In Colombia, the first science communication activities in the 1960s were in the form of science education. The program Scientific Activities for Youth was funded by the MIT–Harvard Club of Colombia, the Bank of the Republic and the Ford Foundation (Posada et al., 1995); and focused on supporting science teaching and promoting scientific vocations (Fog, 1995).

In 1968, Colciencias was founded as the government organisation in charge of leading the policy and the development of science, technology and innovation activities in the country. Two years after that, the Colombian Association for the Advancement of Science (ACAC) emerged, a non-profit private organisation whose mission was to create consciousness of the importance of science, technology and innovation (STI) to society. These two events constituted a breakthrough in the history of science communication in Colombia, as they created the central institutions that have determined the policies and the dynamics of the field in the country.

Colciencias stated for the first time in an official document (Colciencias, 1971) the necessity to ‘create consciousness on the important social role of science and technology in the mind of every Colombian’. However, for a long time the actions to achieve this goal remained focused on science education for Colombian youth and the program had a very limited budget.

In 1969 another milestone occurred in this history: a round table in the capital city Bogotá about the value of education, science and culture for national progress. The event was convened by the Ministry of Education and the OEA (Massarani et al., 2012). As a result, the Inter-American Centre for the Production of Educational and Scientific Material for the Press (CIMPEC) was created. This institution had the important task of producing scientific and technological material for the media in Colombia and all other member countries (Fog, 2004). That same year, the first National Congress of Science Journalism was held in the city of Medellín, which motivated the first ideas for the subsequent creation of the Ibero-American Association of Science Journalism (Massarani et al., 2012).

During this period and until 1976, a weekly scientific supplement appeared in El Tiempo, the largest-circulation national newspaper. In addition, the national radio station had a half-hour program on Saturdays dedicated to scientific dissemination (Muñoz Quevedo, 1986). The first science TV show Naturalia was broadcast in 1974, presenting documentaries of explorers and adventurers such as Jacques Cousteau and David Attenborough (Cortés-Fonnegra, 2014). Within this context of enthusiasm for the development of science and technology, in 1976 the Colombian Association of Science Journalism (ACPC)2 was created.

In this early phase of science communication in Colombia, multilateral organisations played a crucial role. For instance, the Inter-American Bank (IDB) lent money to Colciencias in 1982 to promote science and technology and, by doing so, settled the line of action around these topics. The activities relating to science communication were shaped according to what was occurring in the Anglo-Saxon countries: magazines and TV shows promoting scientific activity were created. The discourse was also affected when Colombia adopted the term ‘science popularisation’ instead of ‘dissemination’ (Daza-Caicedo and Lozano-Borda, 2013).

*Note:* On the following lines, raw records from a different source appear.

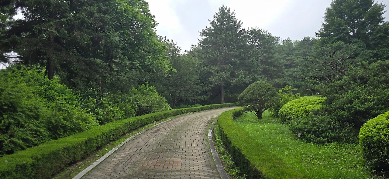 카페가 있기에 들어가 물을 한 병 사 먹고는 침엽수림 있는 곳으로 향했다. 전나무 숲이 있었다. 하늘을 향해 거목들이 쭉쭉 뻗어 있었다. 장관이었다. 점점 경사가 가팔라졌다. 다행히 길이 포장이 돼 있어 그리 힘들진 않았다. 한창 걷고 있는데 어딘가 낯익은 장면이 나타났다. 10년 전 이곳에 왔을 때 호랑이를 보고 깜짝 놀랐었는데 그 호랑이가 있던 사육장이었다. 지금은 호랑이가 없다. 봉화의 백두대간수목원으로 옮겨갔단다. 오르막이 있으면 내리막이 있는 법, 한참을 걸어내려오니 정문이 가까워졌다. 다시 매표소 앞으로 왔는데 이렇게 두 시간 가량 수목원을 걷고 나서야 비로소 전체적인 윤곽을 머릿속에 그릴 수 있었다.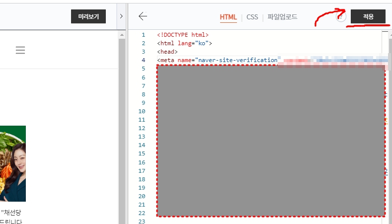 <head> 아랫부분에 복사한 내용을 삽입하고 "적용"을 클릭합니다.
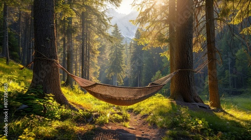 serenity in nature, a snug hammock swaying softly between two tall trees in a peaceful forest clearing, ideal for meditation and relaxation surrounded by natures tranquility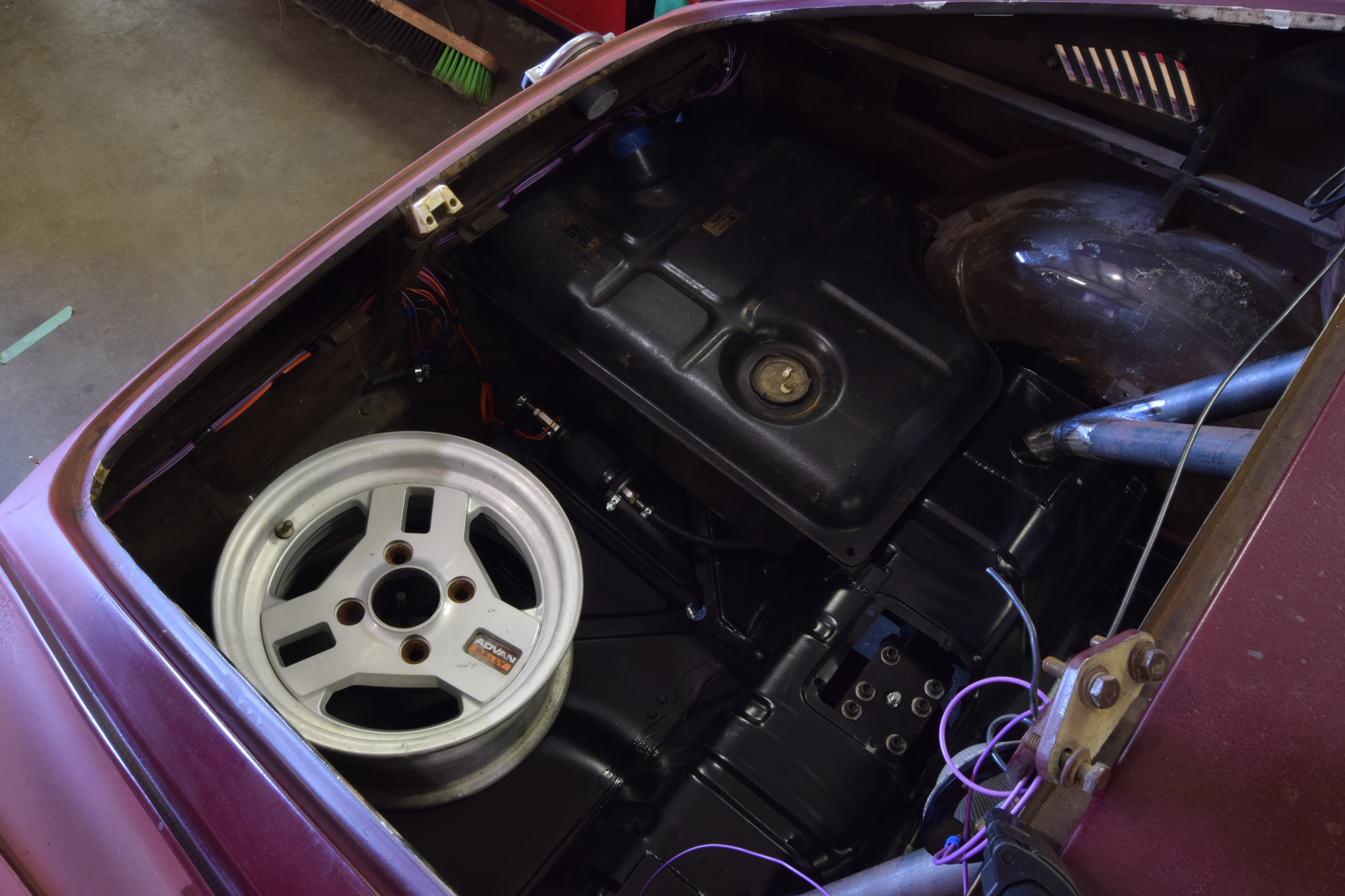 The last odds and ends within the fuel system are being finalized. With the fuel tank reinstalled, the location for the return line bung has been marked for drilling and welding. The Walbro fuel pump, running off of a relay fired by the ignition switch, is mounted, tested and happily wining away.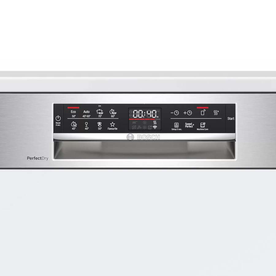 Có kích thước nhỏ gọn và thiết kế âm bán phần, chiếc máy này có thể lắp đặt ở bất cứ đâu trong căn bếp nhà bạn, có thể dưới bồn rửa, cạnh tủ đựng đồ hoặc tận dụng những góc chết không dùng đến. Thế nên dù căn bếp nhà bạn có chật hẹp thì cũng không lo máy chiếm quá nhiều diện tích nhé. Ngoài ra, vỏ ngoài máy rửa bát Bosch SMI6ZCS49E còn được làm bằng chất liệu thép không gỉ cao cấp, không bám vân tay, bền bỉ, trơn bóng, dễ dàng lau chùi vệ sinh.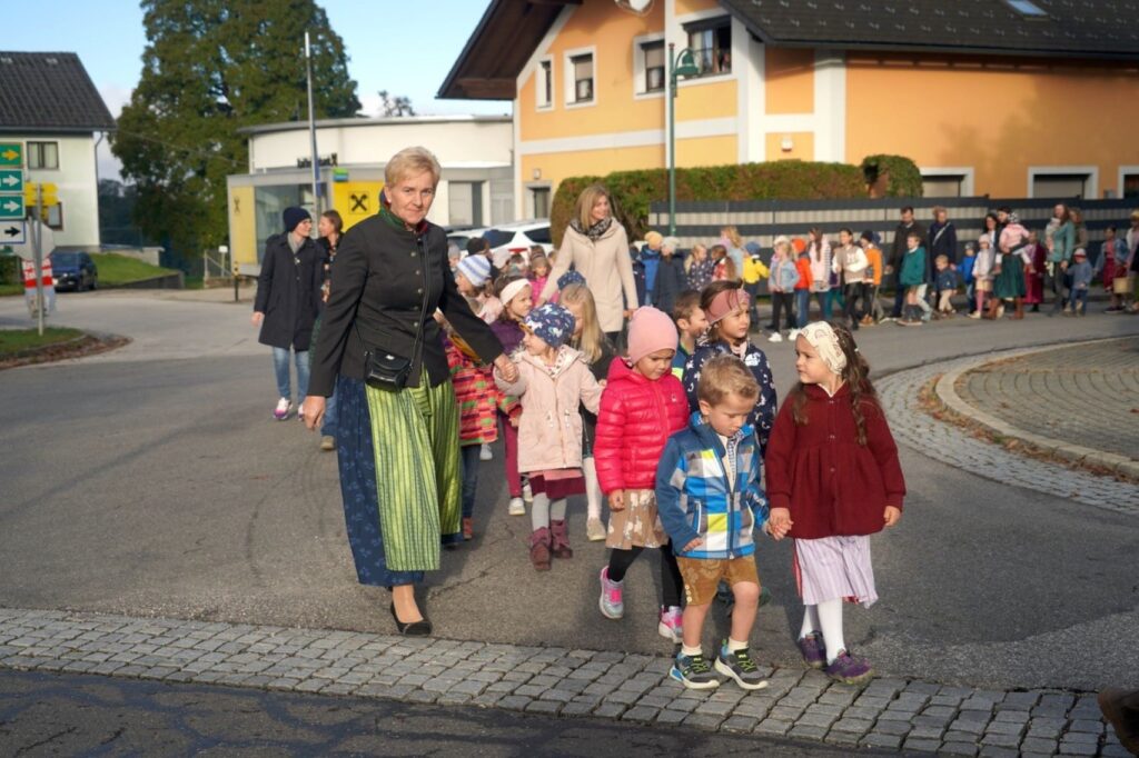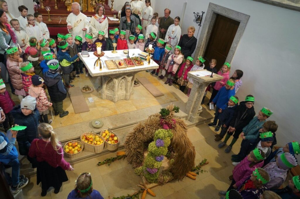 Beim gemeinsamen „Vater unser“ wurden alle Kinder rund um den Altar aufgestellt, man reichte sich im gesamten Kirchenraum die Hände und zeigte so, dass nur ein Miteinander im Leben zählt und so ein erfülltes Leben zustande kommt. Eine Überraschung hatte auch der anwesende Bürgermeister von Gschwandt Fritz Steindl für Anna-Maria Marschner! Er überreichte aus der Spendensammlung bei seinem 60er Fest eine beachtliche Summe für den Neubau des Pfarrzentrums im geplanten Gemeindezentrum. Nach der Messfeier bekamen alle Kinder einen goldgelben Apfel mit „roten Wangerl“ und für die Pfarrbevölkerung hatten die Bäuerinnen eine Agape mit Köstlichkeiten aus der reichlichen Ernte des Jahres vorbereitet. Ein schöner Tag im Jahresablauf!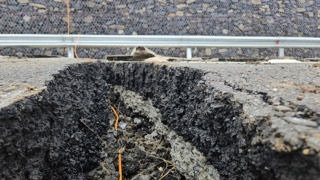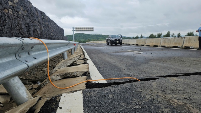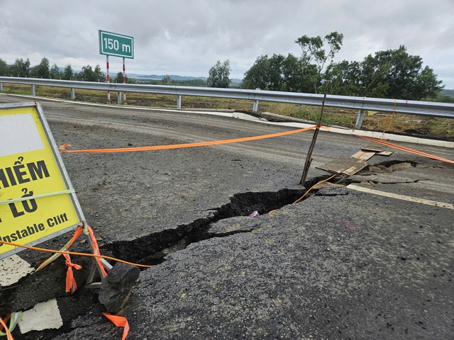 Theo ghi nhận của phóng viên, trên đoạn đường khoảng 500 m nhiều chỗ xuất hiện vết nứt lớn, kéo dài, cắt ngang. Có vị trí mặt đường bị xé toạc, sụp lún, lớp bê-tông nhựa bong tróc, bùn đất tràn lên mặt đường.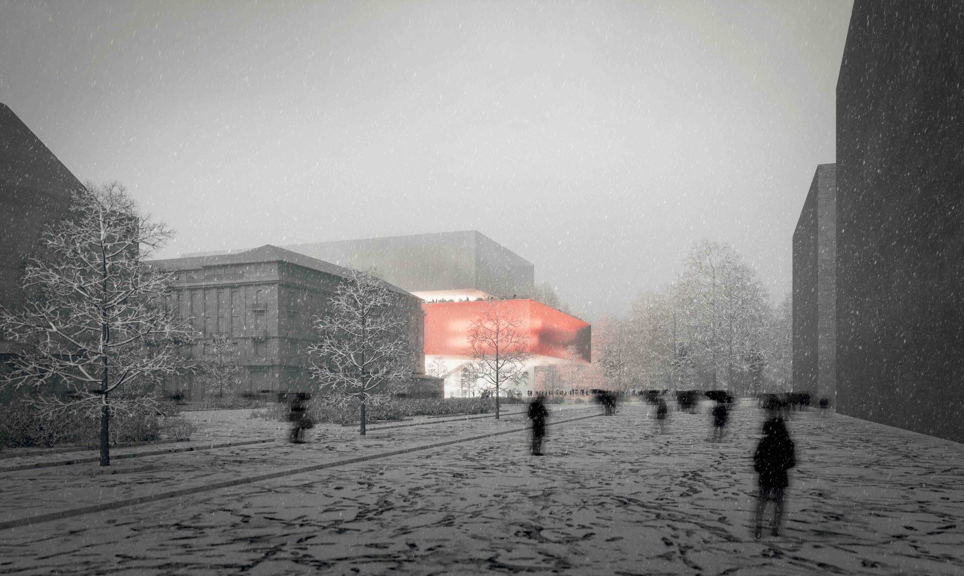Wie ein Kunstwerk erscheint der Entwurf; unten ein gläserner Sockel, darüber ein Geschoss in leuchtendem Rot. Im Interview erfährt Alethea Mag konkrete Details. Der transparente Sockel soll ein Platz für die Stadtbevölkerung werden, eine Stätte der kulturellen Begegnung, aber auch ein Ort, an dem man auch mal mit dem Skateboard durchfahren kann, so wünschen es sich die Architekten.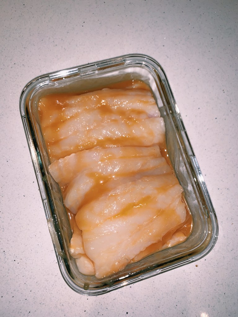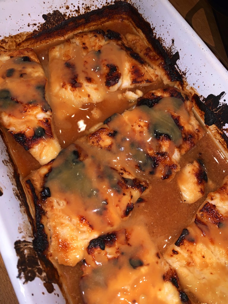 Decided to recreate Nobu’s (the Japanese restaurant) miso black cod. Soft, sweet and flakey. Black cod is hard to source and expensive so normal cod will do. Nobu restaurant leaves the cod marinading for 3 days!!

With the IDB loan, a new Science and Technology Policy was launched by Colciencias (1983). The policy stated three areas of action for the strengthening of science popularisation in the country: science journalism, the scientific activities for young people and the use of mass communication media. By including mass media and science journalism, the activities of that period reached several publics from different ages and regions instead of just the young.

The first written publications completely devoted to science communication were established with the newsletter Letter from Colciencias and the magazine Colombia, Science and Technology in 1982. The first science TV show was launched with the name Diffusion and Scientific-technological Formation in 1984. It was co-produced by Colciencias and the Colombian Institute for the Promotion of Higher Education (ICFES) and showed the advances Colombia had made in S&T, as well as introducing the leading professionals in the field to the public.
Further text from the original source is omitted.